Pascal invente en quelque sorte le plus-que-présent, que personne n’utilise. L’homme conjugue à tous les temps, en particulier le futur, mais pas à celui-là. Funeste erreur, nous dit Pascal, car, enfin, nous pourrions être heureux. Hélas, « le présent n’est jamais notre fin. » Pascal ajoute, rigoureux comme le mathématicien qu’il est : « le passé et le présent sont nos moyens ; le seul avenir est notre fin. Ainsi nous ne vivons jamais, mais nous espérons de vivre et, nous disposant toujours à être heureux, il est inévitable que nous ne le soyons jamais. »

Nous ne vivons jamais, voilà la vérité. Vous êtes dubitatif ? Pourquoi alors sommes-nous les champions du monde de la consommation d’antidépresseurs ?

La force de ce scientifique hors du commun et de ce chrétien flamboyant aura été d’allier justement raison et foi. Croire est raisonnable. Il n’est ni trop croyant ni trop rationnel. Il se positionne entre ces deux infinis. Il rejette à la fois la superstition et le rationalisme poussés à l’extrême.
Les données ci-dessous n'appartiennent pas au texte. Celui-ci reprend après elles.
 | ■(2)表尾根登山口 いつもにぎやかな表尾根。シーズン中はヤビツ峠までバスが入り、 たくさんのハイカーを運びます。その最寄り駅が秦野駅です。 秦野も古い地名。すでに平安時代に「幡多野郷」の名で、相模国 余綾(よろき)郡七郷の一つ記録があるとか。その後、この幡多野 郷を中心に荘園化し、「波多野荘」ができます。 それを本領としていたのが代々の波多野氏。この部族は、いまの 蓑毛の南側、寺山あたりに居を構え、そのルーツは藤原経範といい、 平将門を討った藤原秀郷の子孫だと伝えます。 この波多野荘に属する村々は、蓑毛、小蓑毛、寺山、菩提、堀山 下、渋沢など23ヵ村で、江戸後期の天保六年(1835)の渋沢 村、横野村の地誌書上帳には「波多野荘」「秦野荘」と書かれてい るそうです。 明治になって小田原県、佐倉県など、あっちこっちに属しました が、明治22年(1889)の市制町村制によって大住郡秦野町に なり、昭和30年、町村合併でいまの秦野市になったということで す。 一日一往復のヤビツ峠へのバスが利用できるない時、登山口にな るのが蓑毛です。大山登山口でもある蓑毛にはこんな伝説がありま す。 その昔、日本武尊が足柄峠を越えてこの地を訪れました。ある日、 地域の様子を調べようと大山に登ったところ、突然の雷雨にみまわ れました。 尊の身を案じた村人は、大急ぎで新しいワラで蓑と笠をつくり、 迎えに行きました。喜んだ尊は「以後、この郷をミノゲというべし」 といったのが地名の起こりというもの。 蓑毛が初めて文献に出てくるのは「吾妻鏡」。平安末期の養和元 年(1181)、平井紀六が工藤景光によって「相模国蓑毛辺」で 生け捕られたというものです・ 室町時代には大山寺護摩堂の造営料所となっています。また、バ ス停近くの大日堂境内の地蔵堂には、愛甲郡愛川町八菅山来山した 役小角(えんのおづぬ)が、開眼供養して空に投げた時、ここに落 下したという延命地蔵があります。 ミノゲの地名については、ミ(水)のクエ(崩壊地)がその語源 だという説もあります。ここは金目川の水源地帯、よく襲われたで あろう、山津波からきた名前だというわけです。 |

Le physicien théoricien ne peut ignorer que la science a conduit à Hiroshima ; comme le religieux ne peut ignorer les tueries de masse au nom de Dieu. Un homme, ça s’empêche, pour reprendre la phrase de Camus. L’absence de conscience ou « le dégoût du monde » ne doivent pas conduire à une décision sanguinaire. Pascal s’adresse à tous les hommes aveugles dans la nuit. Il reste néanmoins chez lui une part insondable de mystère. C’est pour cela que l’intérêt pour son œuvre ne faiblit pas. Il est un éternel moderne.